◆ PROBLEM REQUIREMENTS ◆
An exact restatement of all the data is required, with the pictures left out.

◆ DATA TO PROCESS ◆
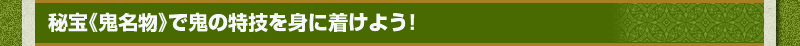 桃太郎砦に眠る伝説の秘宝《鬼名物》は、葛篭箱からまれに発見できます。《鬼名物》を所持した者は光り輝く姿となり、鬼の特技を使用できるようになります。《鬼名物》は複数の種類があり、それぞれ使用できる特技が異なります。
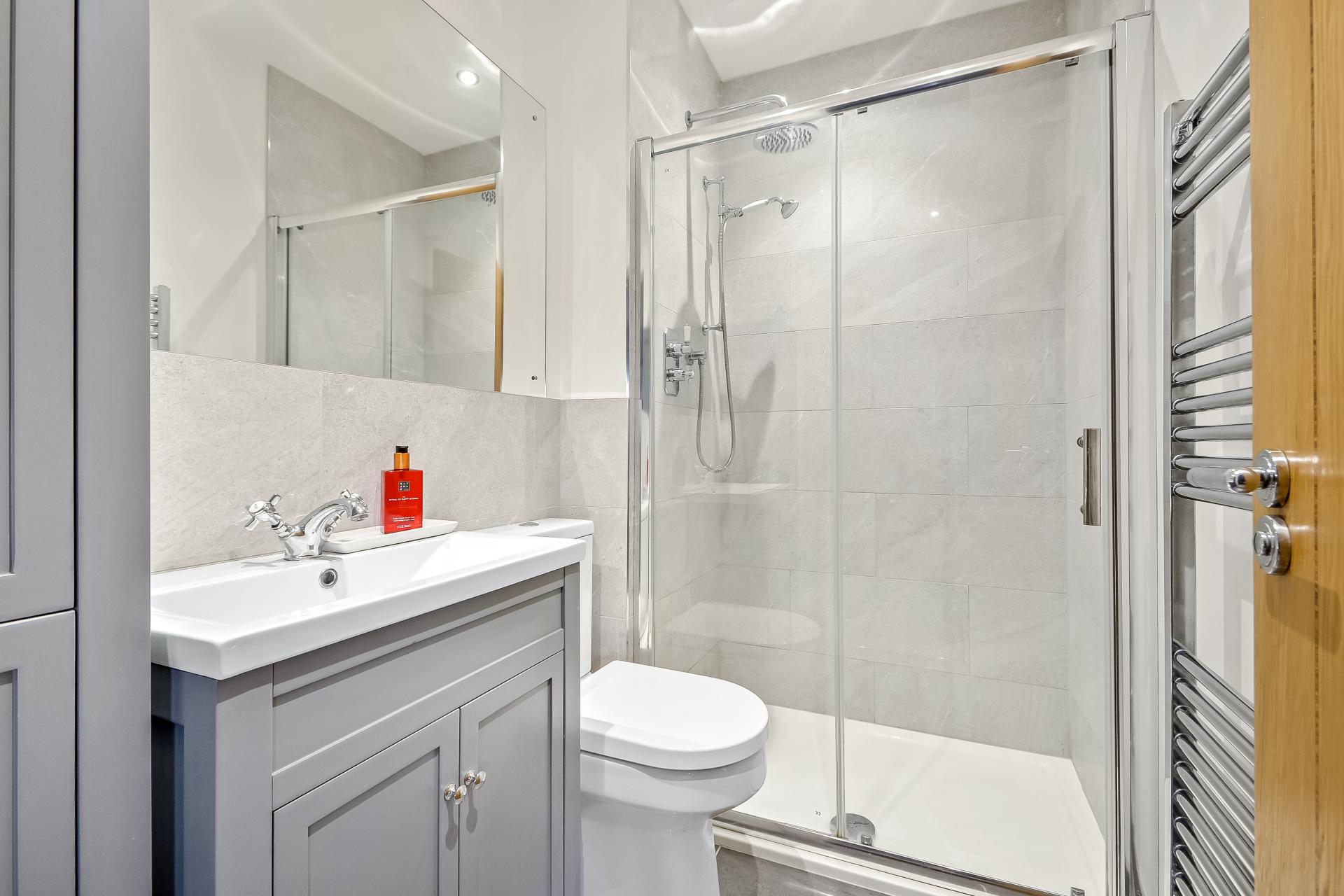 EN-SUITE SHOWER ROOM Fully ceramic tiled 1½ size shower cubicle with drench style hood and separate shower attachment, close coupled w.c., with dual flush, wash hand basin with mixer tap and cupboards under, tall cabinet, large mirror, extractor fan, ceiling spotlights, chrome heated towel rail.
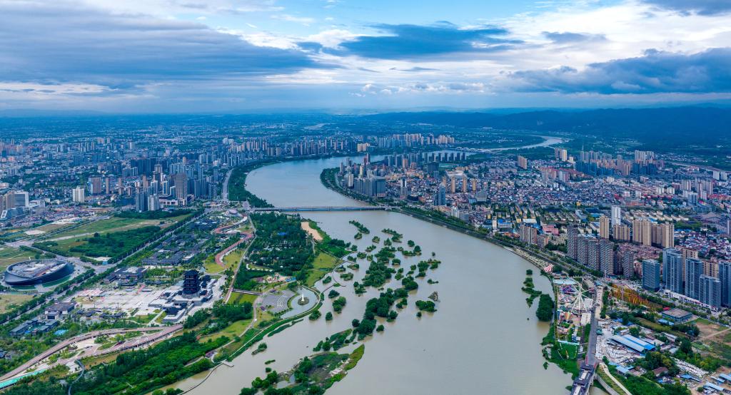 陕西省汉中市汉江两岸景色。新华社发(李伟 摄)
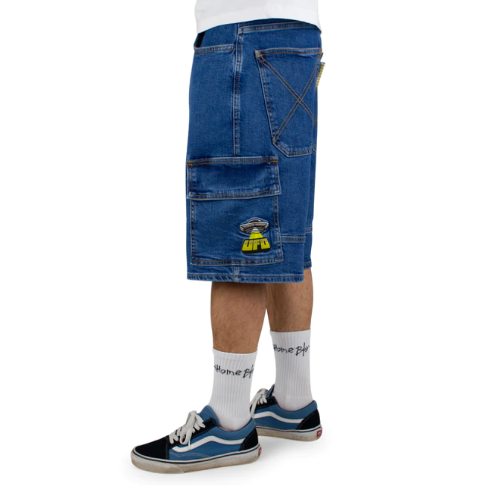 Die Homeboy UFO Cargo Shorts Washed Blue bieten reichlich Bewegungsfreiheit für heiße Sommertage, ideal bei einer Skatesession oder auf dem Weg zum Strand. Als moderne Neuinterpretation eines klassischen 90er-Jahre-Stils verfügen diese Shorts über charakteristische Details wie die "Homeboy x-tra"-Stickerei, den Rainbow Tab und die X-Naht an den Gesäßtaschen, die für authentische OG-Vibes sorgen.
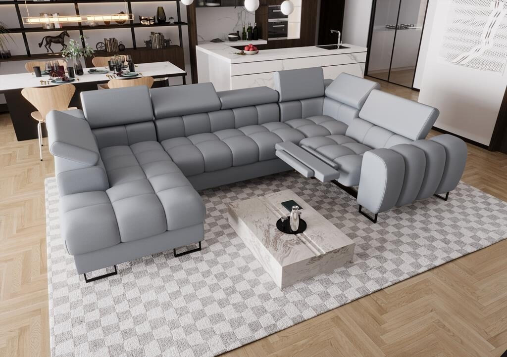 Rohová sedací souprava ASPEN MAX II , relax 198x350x170 cm přírodní kůže - šedá kůže , pravá
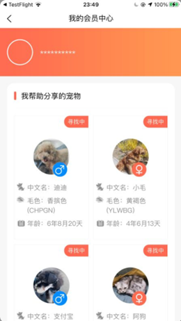 2,对于用户来说,可以直接通过该软件建设的独特会员管理模式来发布各种类型的宠物走失的数据信息,及时进行同步上传,推送到其他的用户手上,认领和寻找自己的宠物。
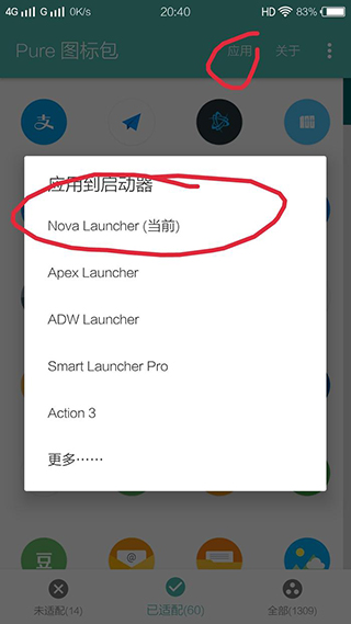 3、打开下载好的pure轻雨图标包app,进行适配,点击右上角的应用,选择Nova Launcher;
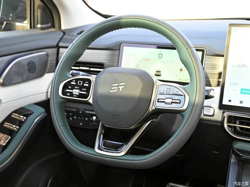 多功能方向盘设计风格多少有些似曾相识的感觉,双色搭配可以提升档次感。左侧按键主要控制驾驶辅助系统,右侧按键主要控制多媒体和语音助手。
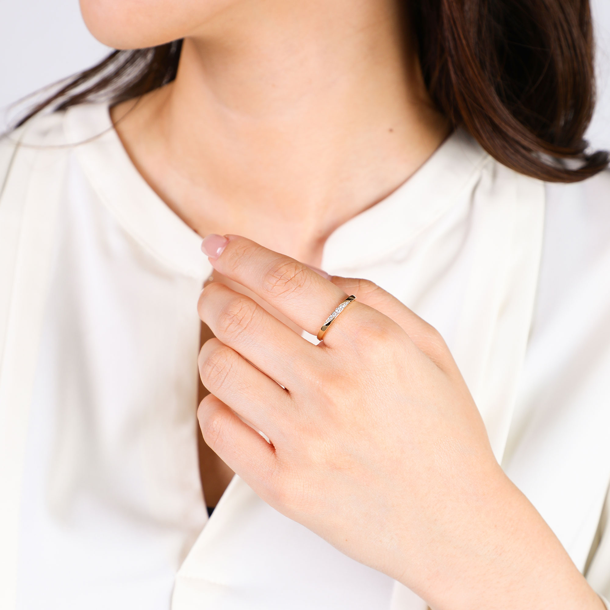 僅かに丸みのある表面の光沢が優しげな印象を与え、緩やかなアングルに配されたダイヤモンドのきらめきが、手元をすっきりと見せます。
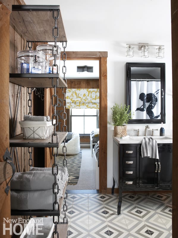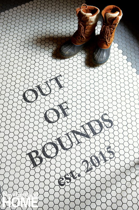 One of her favorite custom touches? The Ehrlichs named the house “Out of Bounds” due to its proximity to a local ski mountain—not quite ski-in-ski-out, but just beyond the property lines—and as a play on how they view their time at their Vermont hideaway. They immortalized the moniker around the house: on a sign commissioned from the company that makes the ski mountain’s actual trail signs; on a custom-made shower curtain; and laser-cut on the black-and-white tile floor of the mudroom, inviting their guests into a little bit of their family story. “Early on, my husband and I said, ‘We want to have family memories when our children are grown.’ When we’re there, we’re a family unit; we don’t let other things distract us.” Indeed, the memories are piling up every weekend the Ehrlichs spend out of bounds in their very own snow globe retreat.
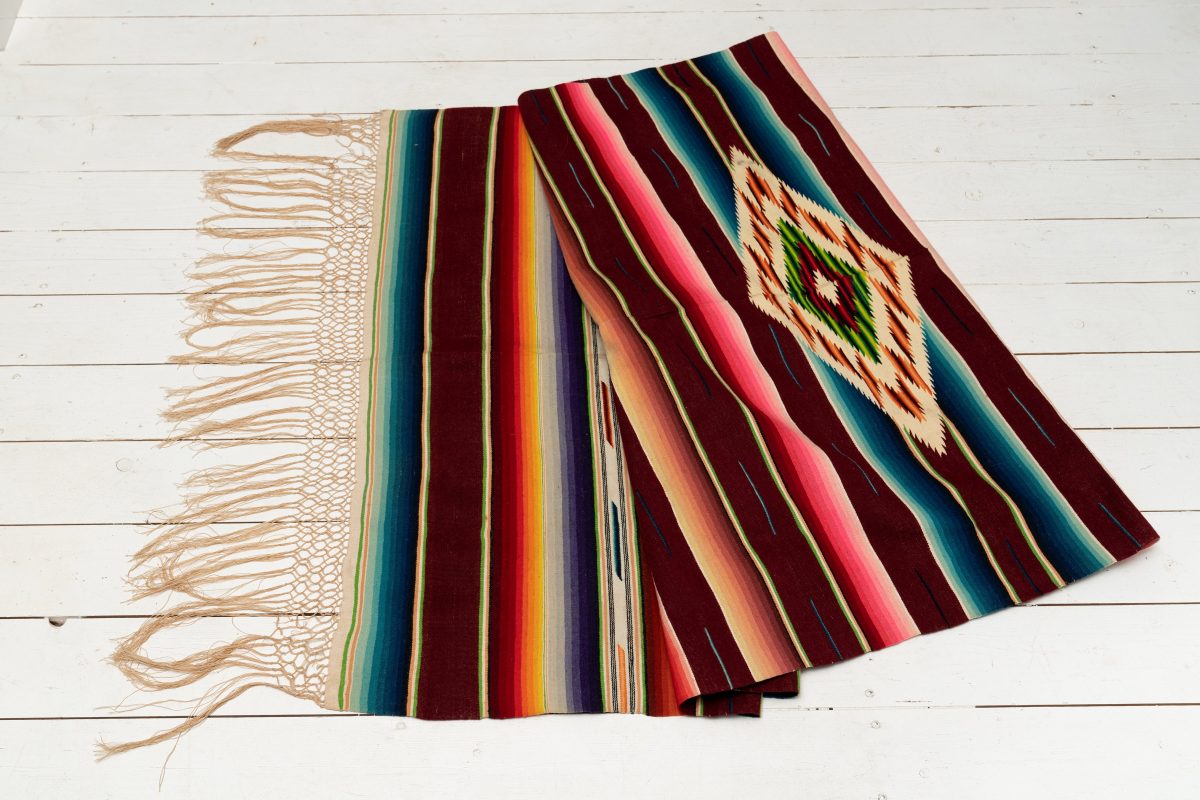 1500年代からメキシコの原住民が身につけていた織物。その多くはサルティヨという街で作られており、非常に人気が高い。中央のダイアモンドシェイプが美しいほど高値になる。4万1040円
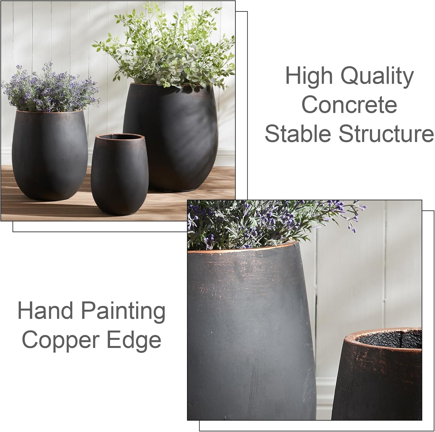 15.5" H Outdoor Concrete Planter, Round Flower Pot with Drainage Hole and Silicone Plug, Plant Container for Garden, Patio, Home, Office, Black, Copper Rim, 1 Pack
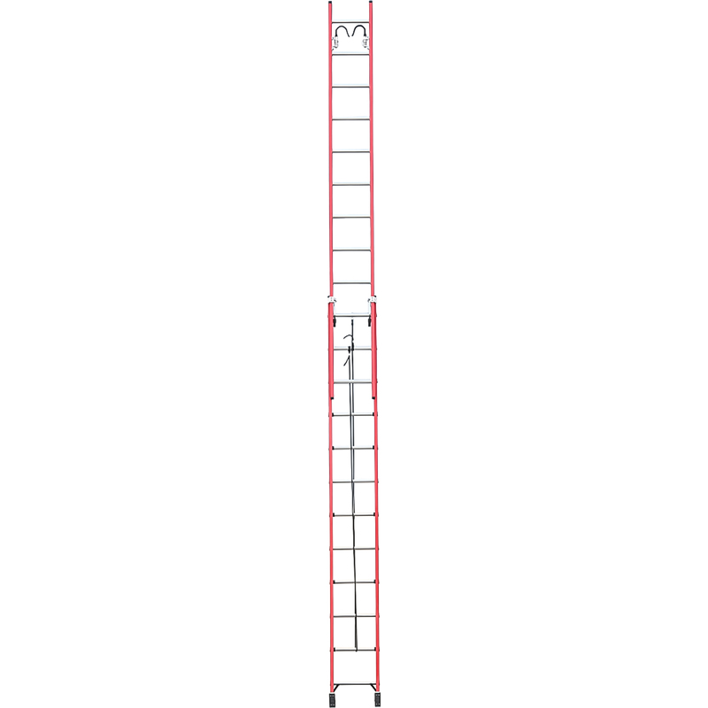 Лестница стеклопластиковая двухсекционная приставная с канатной тягой и крюками серии FGS предназначена для проведения различных видов работ на высоте до 7,5 м.
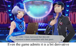 Persona 3 features demons, monsters, and a particularly homicidal version of Jungian psychology. It is also Day Planner: The Game. Persona 3 has frequently been referred to as “Japanese high school simulator”, but, even more than that, it is a game about balancing your (avatar’s) life. Do you go out tonight (and fight monsters), or do you stay home and study for that test tomorrow? Are you going to spend the afternoon hanging out with your girlfriend, or your best friend? The nerds dance, tooAnd would you like to spend time with the kindly old couple that is obsessed with a tree (?), or is it time to while away the afternoon playing a MMORPG where your homeroom teacher is inexplicably hitting on you? Decisions, decisions! Persona 3 isn’t only about choosing your battle tactics, it’s also about choosing your friends, afternoon plans, and how you combine trading cards into demons that may or may not summon the apocalypse.
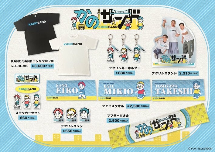 また、9月1日(月)より、フジテレビオフィシャルWEBショップ「フジテレビe!ショップ」やフジテレビショップなどの一部店舗にて、『かのサンド』の番組公式グッズが発売中!
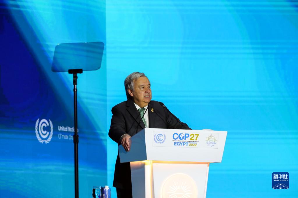 11月7日,在埃及沙姆沙伊赫,联合国秘书长古特雷斯在联合国气候变化大会气候落实峰会开幕式上讲话。

◆ EXPECTED ANSWER ◆
 桃太郎砦に眠る伝説の秘宝《鬼名物》は、葛篭箱からまれに発見できます。《鬼名物》を所持した者は光り輝く姿となり、鬼の特技を使用できるようになります。《鬼名物》は複数の種類があり、それぞれ使用できる特技が異なります。
 EN-SUITE SHOWER ROOM Fully ceramic tiled 1½ size shower cubicle with drench style hood and separate shower attachment, close coupled w.c., with dual flush, wash hand basin with mixer tap and cupboards under, tall cabinet, large mirror, extractor fan, ceiling spotlights, chrome heated towel rail.
 陕西省汉中市汉江两岸景色。新华社发(李伟 摄)
 Die Homeboy UFO Cargo Shorts Washed Blue bieten reichlich Bewegungsfreiheit für heiße Sommertage, ideal bei einer Skatesession oder auf dem Weg zum Strand. Als moderne Neuinterpretation eines klassischen 90er-Jahre-Stils verfügen diese Shorts über charakteristische Details wie die "Homeboy x-tra"-Stickerei, den Rainbow Tab und die X-Naht an den Gesäßtaschen, die für authentische OG-Vibes sorgen.
 Rohová sedací souprava ASPEN MAX II , relax 198x350x170 cm přírodní kůže - šedá kůže , pravá
 2,对于用户来说,可以直接通过该软件建设的独特会员管理模式来发布各种类型的宠物走失的数据信息,及时进行同步上传,推送到其他的用户手上,认领和寻找自己的宠物。
 3、打开下载好的pure轻雨图标包app,进行适配,点击右上角的应用,选择Nova Launcher;
 多功能方向盘设计风格多少有些似曾相识的感觉,双色搭配可以提升档次感。左侧按键主要控制驾驶辅助系统,右侧按键主要控制多媒体和语音助手。
 僅かに丸みのある表面の光沢が優しげな印象を与え、緩やかなアングルに配されたダイヤモンドのきらめきが、手元をすっきりと見せます。
 One of her favorite custom touches? The Ehrlichs named the house “Out of Bounds” due to its proximity to a local ski mountain—not quite ski-in-ski-out, but just beyond the property lines—and as a play on how they view their time at their Vermont hideaway. They immortalized the moniker around the house: on a sign commissioned from the company that makes the ski mountain’s actual trail signs; on a custom-made shower curtain; and laser-cut on the black-and-white tile floor of the mudroom, inviting their guests into a little bit of their family story. “Early on, my husband and I said, ‘We want to have family memories when our children are grown.’ When we’re there, we’re a family unit; we don’t let other things distract us.” Indeed, the memories are piling up every weekend the Ehrlichs spend out of bounds in their very own snow globe retreat.
 1500年代からメキシコの原住民が身につけていた織物。その多くはサルティヨという街で作られており、非常に人気が高い。中央のダイアモンドシェイプが美しいほど高値になる。4万1040円
 15.5" H Outdoor Concrete Planter, Round Flower Pot with Drainage Hole and Silicone Plug, Plant Container for Garden, Patio, Home, Office, Black, Copper Rim, 1 Pack
 Лестница стеклопластиковая двухсекционная приставная с канатной тягой и крюками серии FGS предназначена для проведения различных видов работ на высоте до 7,5 м.
 Persona 3 features demons, monsters, and a particularly homicidal version of Jungian psychology. It is also Day Planner: The Game. Persona 3 has frequently been referred to as “Japanese high school simulator”, but, even more than that, it is a game about balancing your (avatar’s) life. Do you go out tonight (and fight monsters), or do you stay home and study for that test tomorrow? Are you going to spend the afternoon hanging out with your girlfriend, or your best friend? The nerds dance, tooAnd would you like to spend time with the kindly old couple that is obsessed with a tree (?), or is it time to while away the afternoon playing a MMORPG where your homeroom teacher is inexplicably hitting on you? Decisions, decisions! Persona 3 isn’t only about choosing your battle tactics, it’s also about choosing your friends, afternoon plans, and how you combine trading cards into demons that may or may not summon the apocalypse.
 また、9月1日(月)より、フジテレビオフィシャルWEBショップ「フジテレビe!ショップ」やフジテレビショップなどの一部店舗にて、『かのサンド』の番組公式グッズが発売中!
 11月7日,在埃及沙姆沙伊赫,联合国秘书长古特雷斯在联合国气候变化大会气候落实峰会开幕式上讲话。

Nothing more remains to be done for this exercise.